Site Reliability Engineer
Job Type
Full-time
Description
Engrain has transformed the way people find, lease, and manage properties. Engrain provides a holistic suite of mapping solutions built specifically for the real estate industry to provide stunning unit-level map visualizations that integrate with countless websites and property tech applications. Our revolutionary, unit-level map data and interactive visuals within our SightMap, TouchTour and Asset Intelligence product lines allow both property owners and prospective renters to better ensure occupancy and drive revenue.

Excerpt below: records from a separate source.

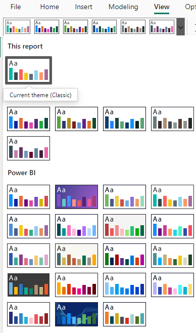 We then selected one of the themes from Power BI's native Themes functionality. To access this, click View and browse and select the theme you want to use.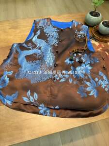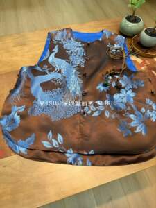 深圳南油真丝老缎马甲真丝蜀锦拼醋酸提花双面穿新中式国风唐装盘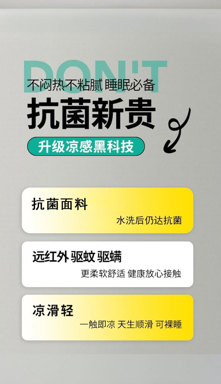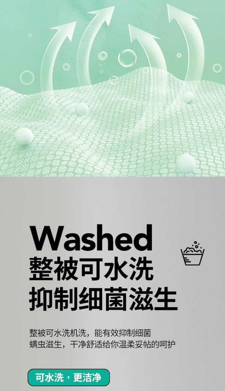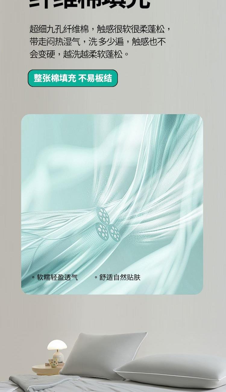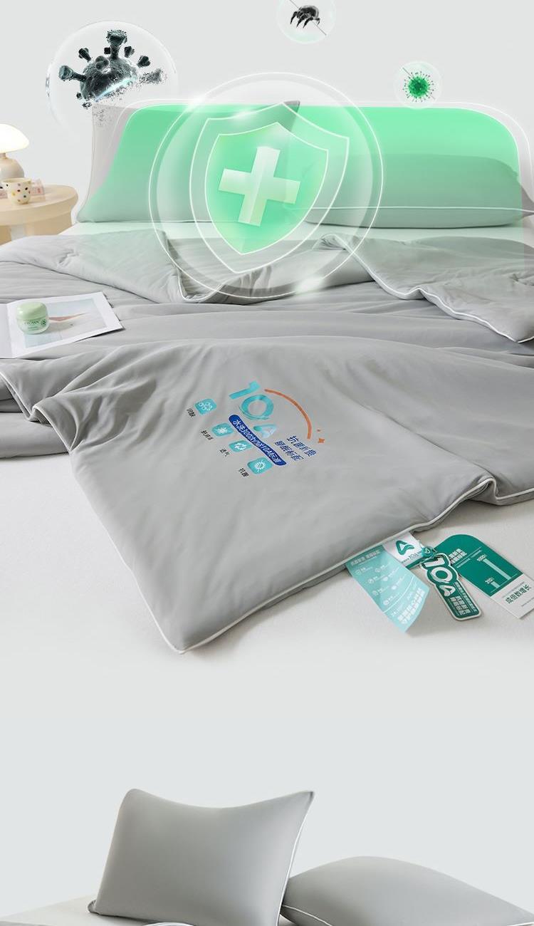 规格:200*230cm 面料:凉感纱(氨纶+聚酯纤维) 填充:羽丝棉(聚酯纤维) 重量:1.5kg 卖点:1.良好的透气度,给您清爽的舒适 2.利用独特的纤维断面结构,从而降低身体的温度 3.生产过程中不添加任何荧光剂,从里到外都很安心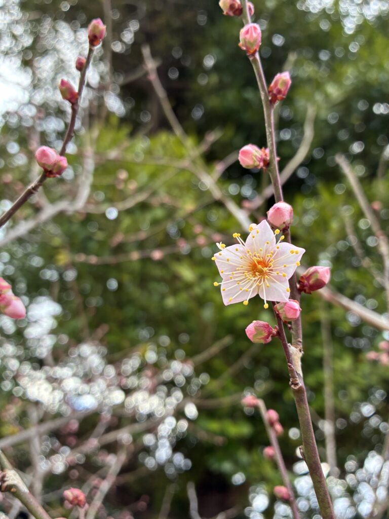 冬の園内に春の気配 佐布里梅(ソウリウメ)が咲き始めました
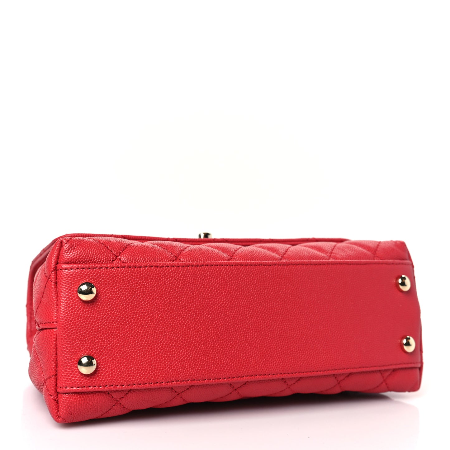 This is an authentic CHANEL Caviar Quilted Mini Coco Handle Flap in Red. This sleek tote is crafted of diamond-quilted caviar leather in red. The bag features a rolled leather top handle, an optional leather-threaded polished gold chain link shoulder strap with a shoulder pad, and a matching gold classic CC turn lock on the crossover flap. This opens the bag to a partitioned matching leather interior with a zipper pocket.Follow this item for alerts. Chanel is a registered trademark of Chanel. FASHIONPHILE is not affiliated with Chanel.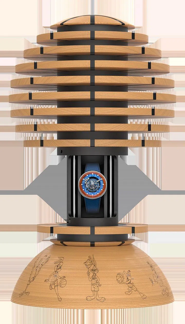 We’re referring, of course, to Kross Studio’s fancy wood and aluminum display case that’s part design piece, part storage unit. Again, the Looney Tunes basketball crew returns etched on the sculpture’s wooden stand; the sculpture’s upper basketball-esque half can be lifted to store your watch within.

As a Site Reliability Engineer, you will be part of Engrain's growth and dynamic environment. As an SRE you will work closely with Engrain's engineering and product teams and participate in projects across the company.
What you'll do...
- Monitor, analyze, and optimize system performance, with an eye toward pushing our capabilities forward, getting ahead of needs, and innovating to continually improve our monitoring tools and techniques
- Implement, maintain, and consult on the observability stack that supports the needs of multiple internal stakeholders
- Utilize your deep experience and problem-solving skills to help prevent and investigate production issues
- Participate in the design and implementation of new system layers of high complexity compute environments
- Research and recommend specific systems, architectures, and applications, for cloud infrastructure solutions
- Collaborate closely with software engineering and DevOps teams to ensure proper integration of systems and seamless deployment of applications, providing reliable, predictable deployment and maintenance of distributed systems?
- Stay up-to-date with industry best practices and emerging technologies related to cloud infrastructure, SRE, provider services, and security best practices?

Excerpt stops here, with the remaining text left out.